Nº de graínhas: Média 2,1 por bago; grandes e herbáceas.

Sistema de condução: Todos os tipos. Produz melhor com guyot; a sebe é medianamente fácil de conduzir.

Solo favorável para obter qualidade: Todos os terrenos profundos, secos e quentes. Em solo de xisto, consegue prolongar a fase de vegetação. Adapta-se a diferentes tipos de solos (xisto, barros drenados, aluvião e areia com disponibilidade de água).

Clima favorável: Casta rústica com boa plasticidade a adaptação regional.

Compasso: Todos os intervalos.

Porta-enxertos: Não se conhece falta de afinidade varietal.

Desavinho/Bagoinha: Mediana susceptibilidade.

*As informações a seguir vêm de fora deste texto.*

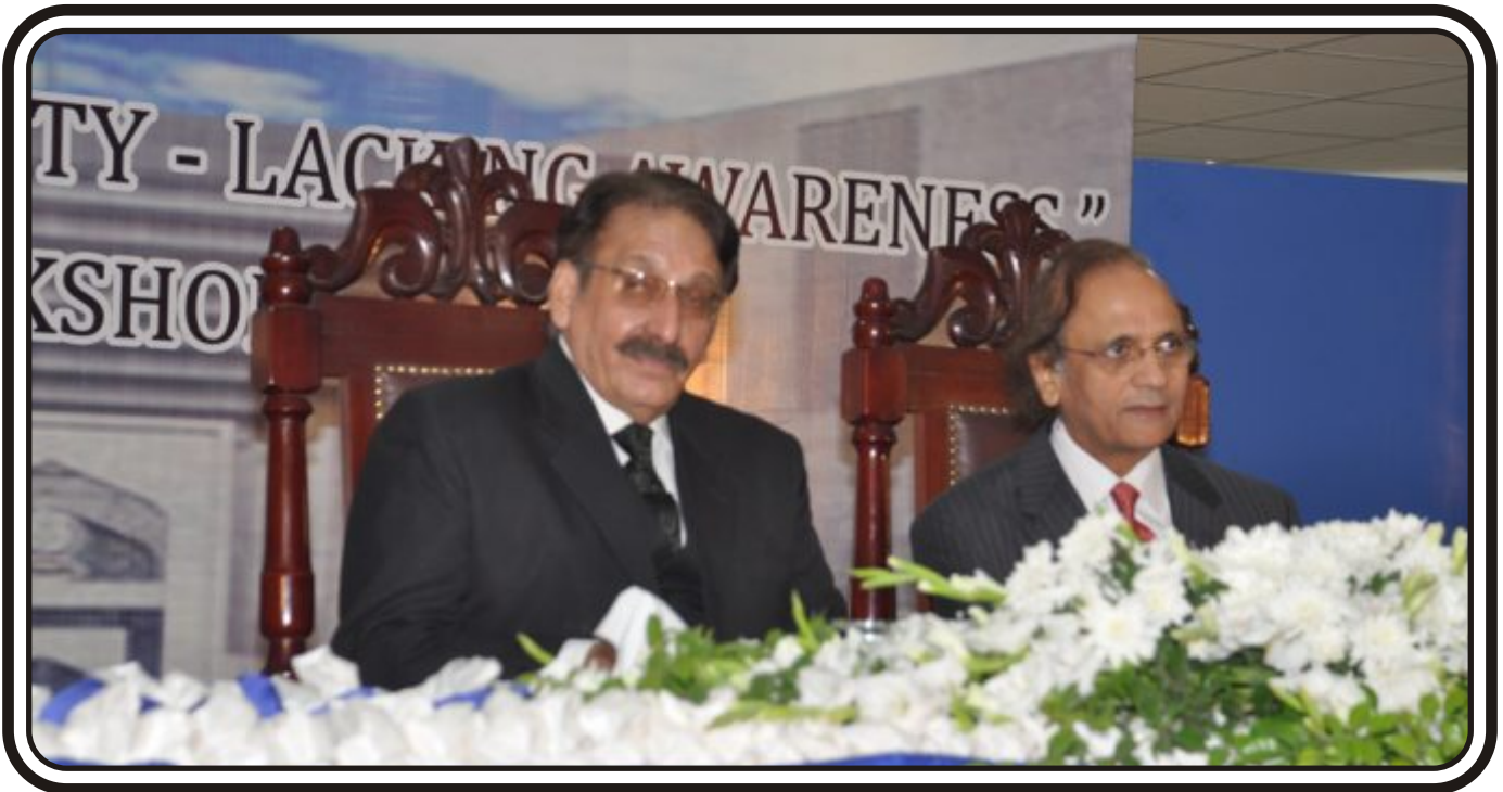
Yesterday is history: Hon'ble two former Chief Justices of Pakistan in a two-day workshop on " Prisoners Vulnerability: Lacking Awareness" under the auspices of Law and Justice Commission of Pakistan at to the CELJE/FJA, Islamabad.
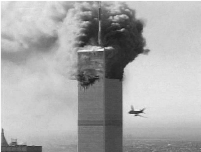
1. The World Trade Center, 9/11
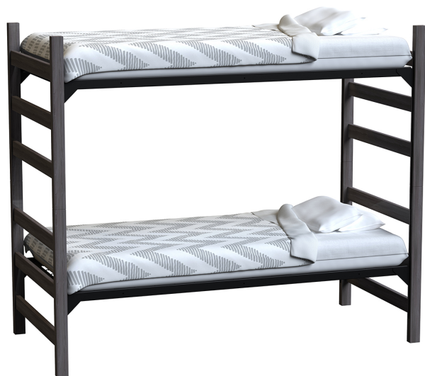
Grey with Black Spring
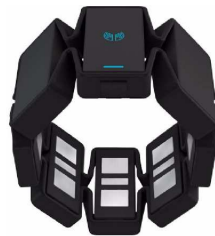
Figure 2: MYO armband by Thalmic Labs ® ([13])

To acquire sEMG signal, we used MYO ® armband developed by Thalmic Labs ® (fig. 2). This device integrates eight
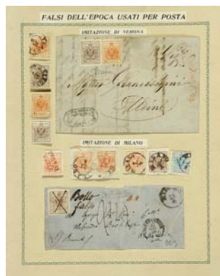
Lombardy Venetia Kingdom
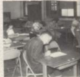
Oh so studious!!!
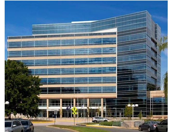
Public Safety Building
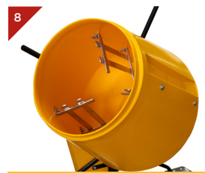
Polyethylene Bowl Option
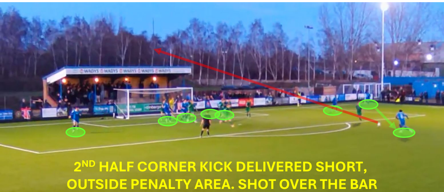
2 ND HALF CORNER KICK DELIVERED SHORT, OUTSIDE PENALTY AREA. SHOT OVER THE BAR
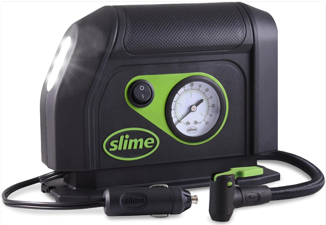
Figure 1: Slime 40050 Tire Inflator with its analog gauge and LED light.
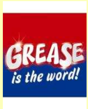
Grease January 6 - 18, 2009
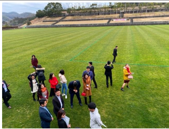
February 14th 【Observation】 Olympics・Paralympics Facilities
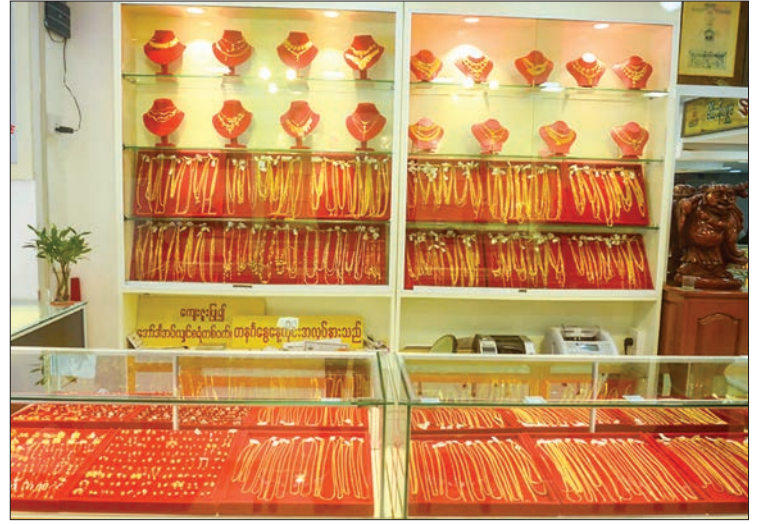
One of the gold jewellery outlets.

The global gold price stood at above US$1,766 per ounce, while a US dollar exchange rate was around K2,000. — NN/GNLM

Conservação do cacho após maturação: A casta deve ser apanhada cedo, quando tiver atingido a graduação desejada (13°).

Protecção contra ataques de pássaros: Sim.

Aptidão para vindima mecânica: Recomendável em situação de reduzidas temperaturas.

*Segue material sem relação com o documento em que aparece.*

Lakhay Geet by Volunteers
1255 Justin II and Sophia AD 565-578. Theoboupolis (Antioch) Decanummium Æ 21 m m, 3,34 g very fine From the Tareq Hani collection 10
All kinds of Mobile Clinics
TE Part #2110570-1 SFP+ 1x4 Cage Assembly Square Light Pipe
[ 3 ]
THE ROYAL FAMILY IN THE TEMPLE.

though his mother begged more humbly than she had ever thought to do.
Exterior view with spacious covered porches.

Tipo de vinho: Vinho de qualidade, vinho generoso.

Grau alcoólico provável do mosto: 12-14% vol.

Acidez natural: Baixa (4 g/l de acidez total).

Autocianinas totais: 244 mg/l.

Índice de polifenóis totais (280nm) do mosto: 15,1.

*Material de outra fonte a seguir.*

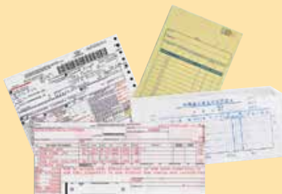
Fragile and thin documents Rice Paper • Airbills • NCR Forms

Ngenuity Scanners handle the widest range of documents of any scanner in their class,* from rice paper and air bills to card stock and long EKG strips. Streamline your document workflows and maintain image quality with ease.
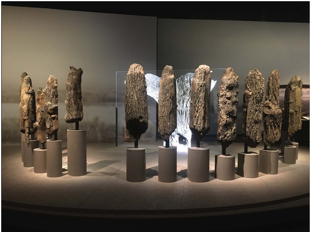
Figure 6. The Seahenge display in the WoS exhibition.

From these reactions we surmise that successful alternative icons are about more than changing approaches to the selection and written interpretation of objects. To offer alternative
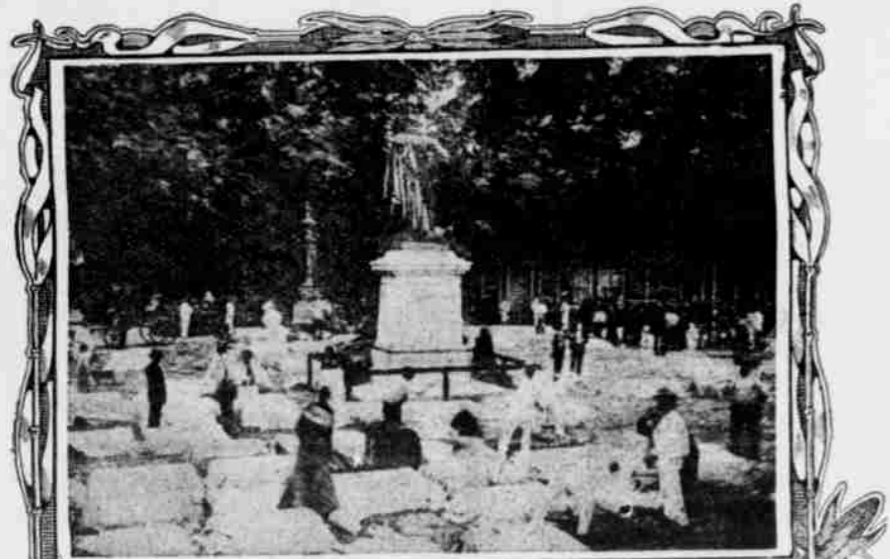
Holland Cheese Market.
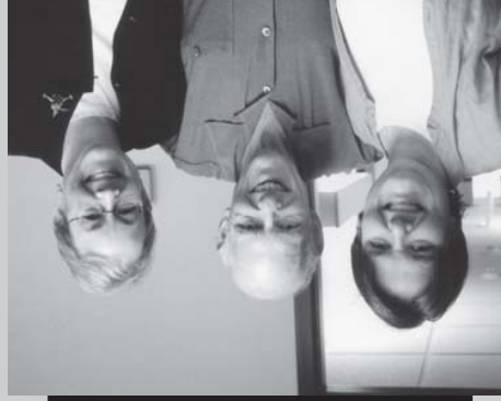
SLM Board Members
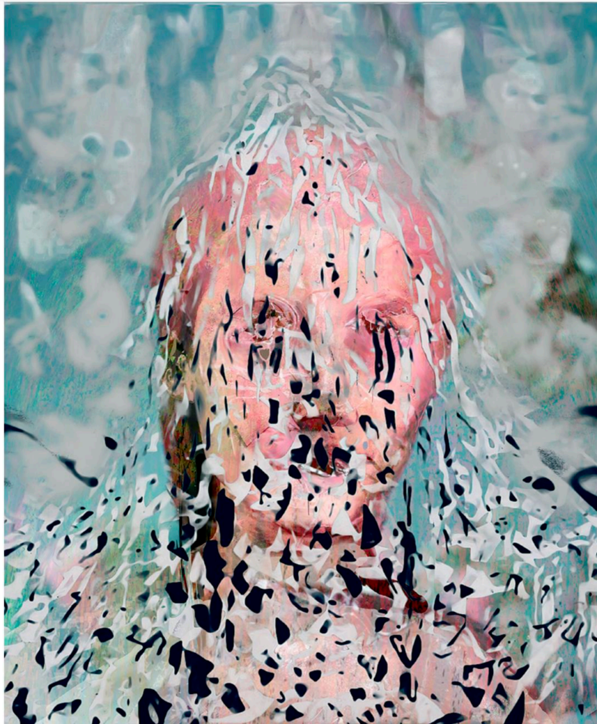
Adobe Mask, 2012

Sensibilidade do mosto à oxidação: Sensível.

Intensidade da cor: Muito baixa.

Tonalidade: Muito fraca, com tendência a transformar-se em tons acastanhado com o envelhecimento.

Sensibilidade do vinho à oxidação: Elevada.

Análise laboratorial dos aromas: Não são conhecidos resultados.

Capacidade de envelhecimento do vinho: Boa. No lote do Porto, contribui para a cor castanha do Tawny.

Recomendação para lote: Vinho do Porto.

Potencial para vinho elementar: Não tem.

Caracterização habitual do vinho: O aroma desta casta é muito característico, lembrando frutos e bagas silvestres quando jovem, evoluindo para composições aromáticas mais complexas, com notas de fumo, café, erva seca, ameixas secas e tabaco. Ao longo do envelhecimento, os vinhos ganham aromas mais complexos e profundos. Com 10 anos ou mais de estágio, surgem aromas de madeira, mesmo em vinhos que nunca os tiveram antes. (Loureiro, 2002).

Qualidade do vinho: Esta casta participa em grandes vinhos.

Particularidade da casta: Casta muito precoce com bom potencial alcoólico, mas sensível, na fase de sobrematuração, à podridão e a murchar.